Important Safety Alerts

Medical Device Safety Alert: St Jude Medical Fortify ST Implantable cardioverter defibrillator

23 Apr 2013

The Medicines and Healthcare products Regulatory Agency (MHRA), United Kingdom posted a medical device safety alert concerning Fortify ST Implantable cardioverter defibrillator (ICD) models [CD1235-40, CD1235-40Q, CD2235-40 and CD2235-40Q], manufactured by St Jude Medical.

The Merlin PCS Programmer software Model 3330 versions 14.2.2, 16.2.1 and 17.2.1.1 provide new features for St. Jude Medical pacemakers, ICDs and CRT-Ds, including an option to enhance the ST diagnostic features in St. Jude Medical Fortify ST ICD models CD1235-40, CD1235-40Q, CD2235-40 and CD2235-40Q via a device software upgrade. During a device software upgrade, implanted devices are temporarily placed into the back-up pacing (BVVI) and back-up defibrillation only (BDFO) mode. The back-up mode parameter settings will be in effect for the two minute upgrade process. Once the upgrade successfully completes, the device will revert to the previously programmed parameter settings. The safety alert is being provided to ensure that the operation of these devices during backup operation is clearly understood. Depending on the individual patient, this temporary change in parameter values could make the device susceptible to over-sensing and potentially deliver high voltage therapy during the upgrade procedure.
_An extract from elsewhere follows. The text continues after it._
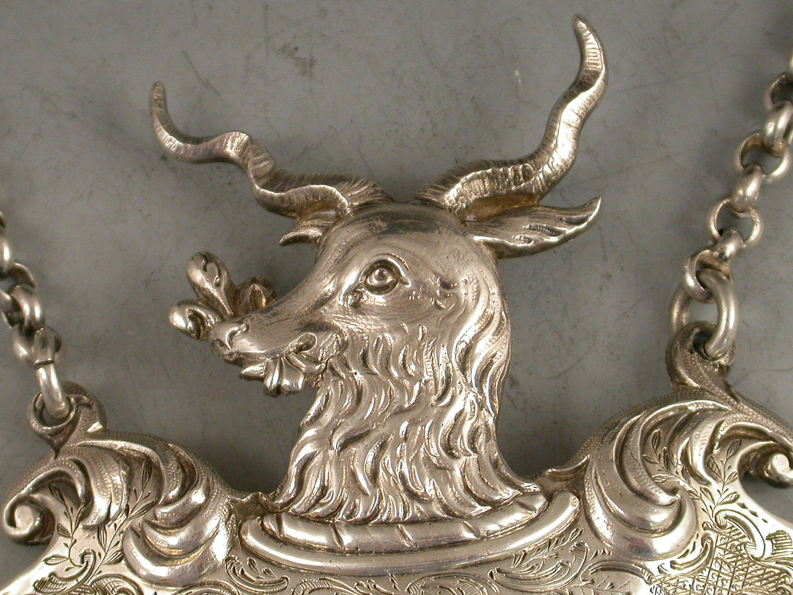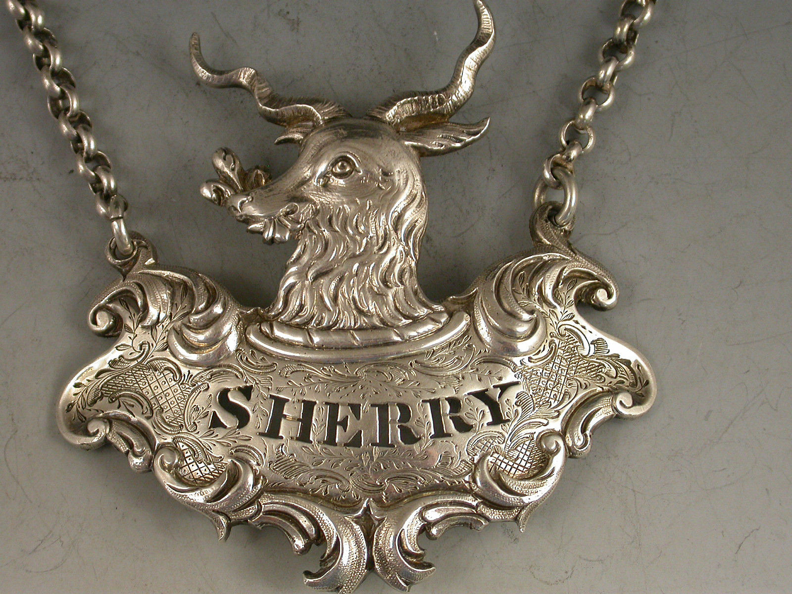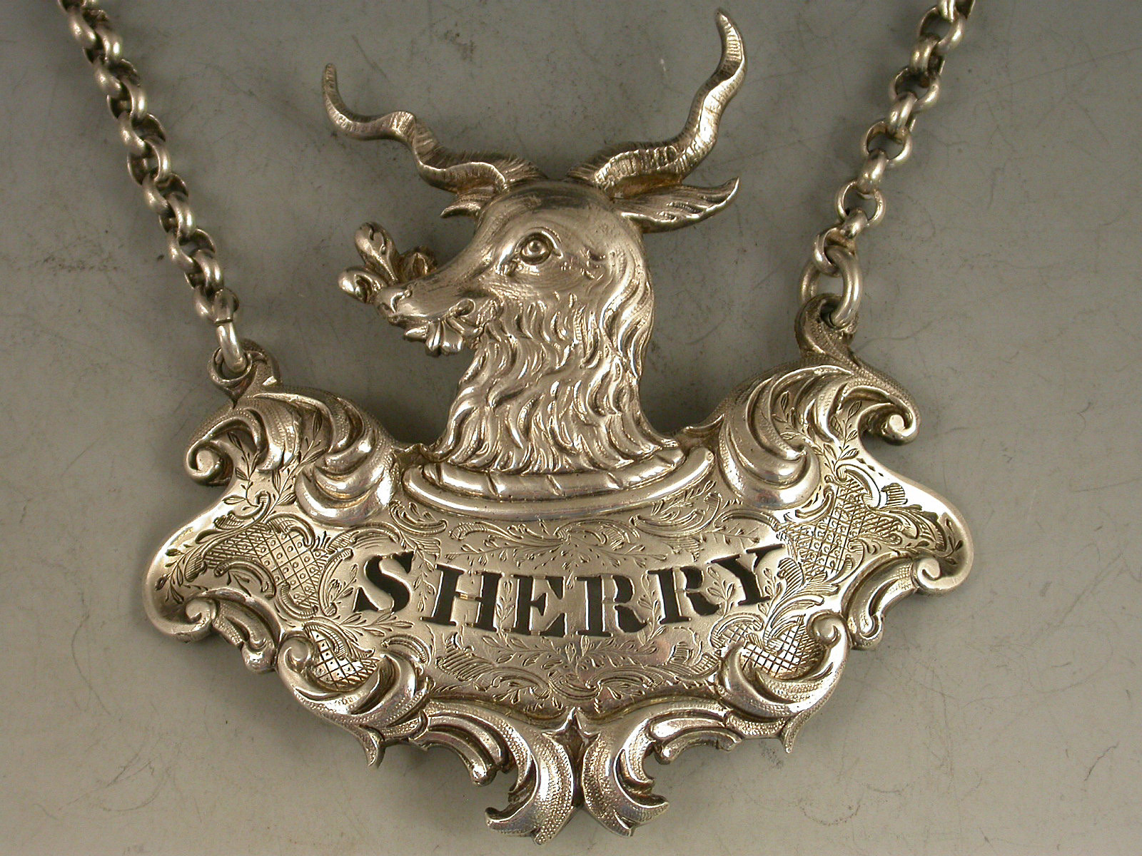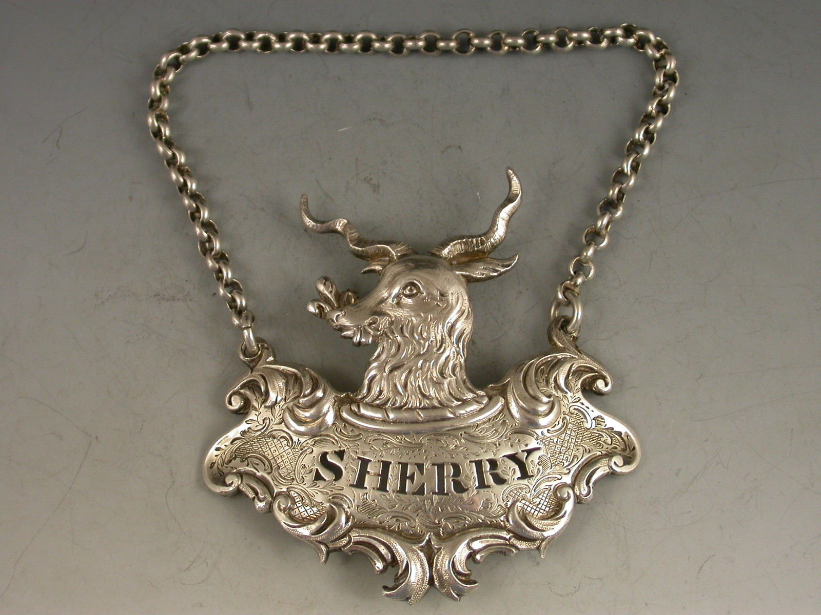 Early Victorian Goats Head Armorial Silver Wine Label 'Sherry'

In order to prevent the potential for inappropriate therapy during the software upgrade process, the manufacturer advises users to consider programming the "Tachy Therapy Enabled/Disabled" function to Disabled prior to proceeding with the software upgrade. It is imperative to re-interrogate the device and program the "Tachy Therapy Enabled/Disabled" function to Enabled after the upgrade has been successfully completed. As with any device evaluation and programming, ECG monitoring and availability of back up external defibrillation equipment is recommended during the entire software upgrade process.

According to the local supplier, the affected products were distributed in Hong Kong.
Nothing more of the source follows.